Australian Prime Minister Kevin Rudd has said that paid maternity leave would be introduced in the country soon. He noted that it was time the country adopted a system to reward women for caring for their infants.
The Productivity Commission recommended a taxpayer-funded scheme under which the primary carer of a child would receive 18 weeks' paid maternity leave at the minimum wage rate, now 544 dollars (449 US) a week.
Employers currently only have to give women 12 months of unpaid leave when they have a baby.
The commission proposal, estimated to cost about 1.3 billion dollars a year, would see working mothers paid more than their stay-at-home counterparts. It would also allow partners to receive up to an extra two weeks' paid leave.
Rudd declined to say whether his administration would support the commission plan for new mothers to receive 18 weeks of paid leave.

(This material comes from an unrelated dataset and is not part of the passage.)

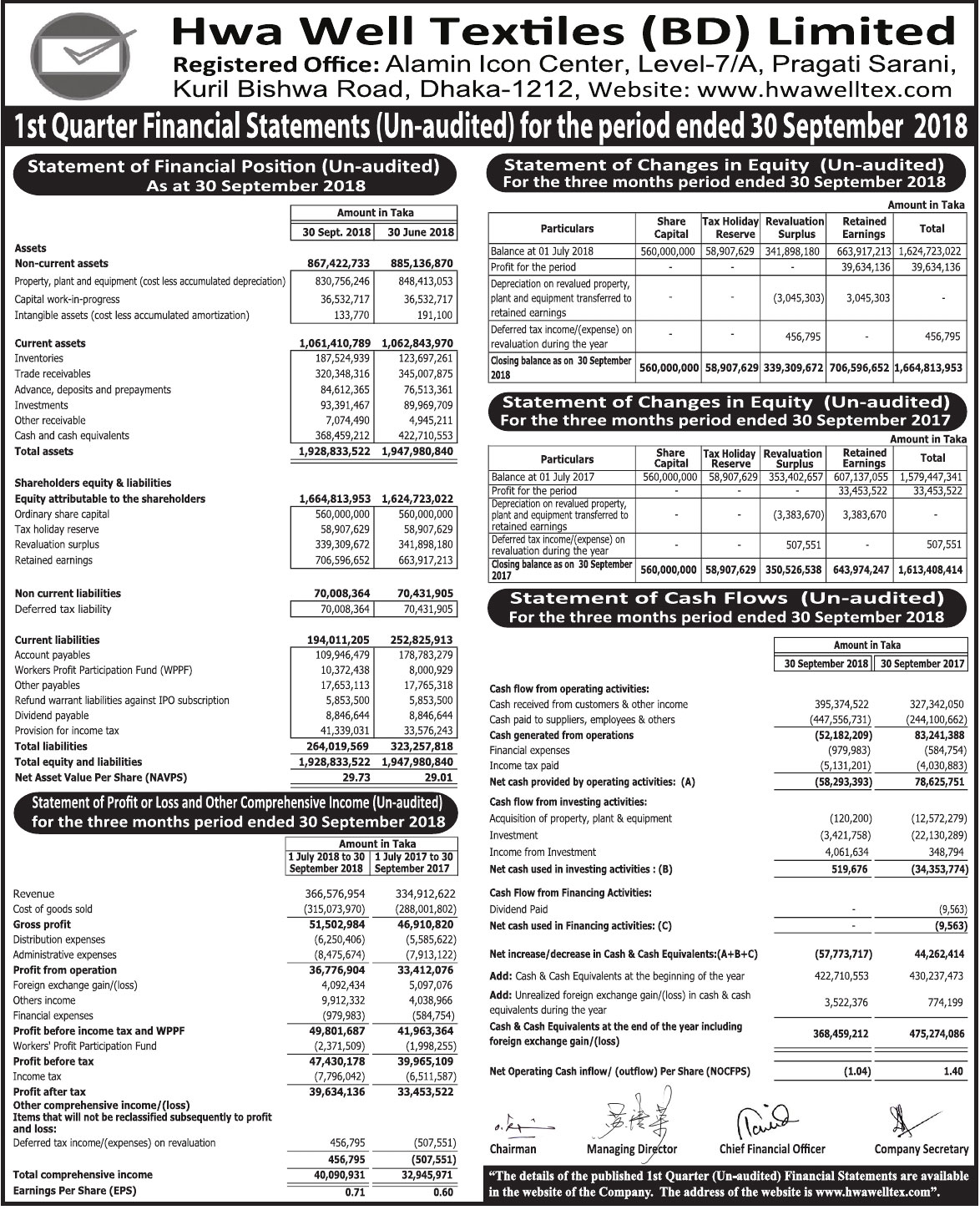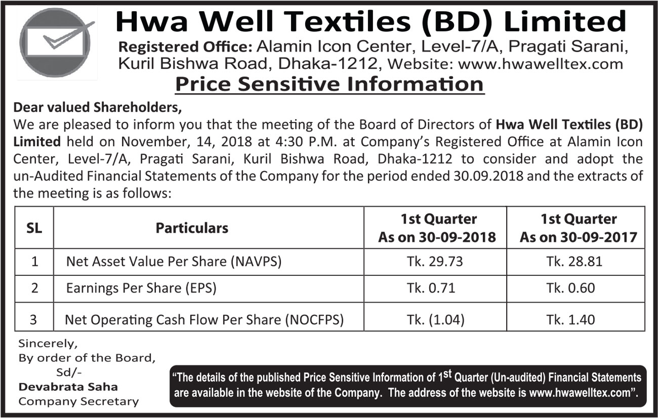 Price Sensitive Information (Q1) of Hwa Well Textiles (BD) PLC.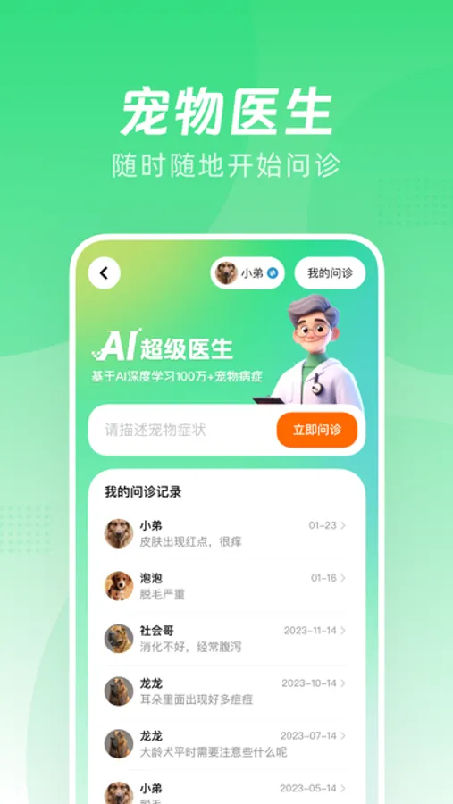 宠物AI医生:在应用中,我们引入了智能医疗助手可根据宠物的症状提供初步医疗建议。当您不确定宠物健康问题时,这将成为您的贴身专家。

The proposal also calls for the 'baby bonus,' a one-off 5,000 dollar payment all mothers are eligible for depending on income, to be scrapped for all but stay-at-home mums.
"The future economy has to provide this level of choice for stay-at-home mums, to be supported with the baby bonus, but also for women in the paid work force to be supported with paid maternity leave," Rudd told reporters in Newcastle, north of Sydney.
Productivity commissioner Robert Fitzgerald said the move was "a workplace entitlement" and "not a welfare measure."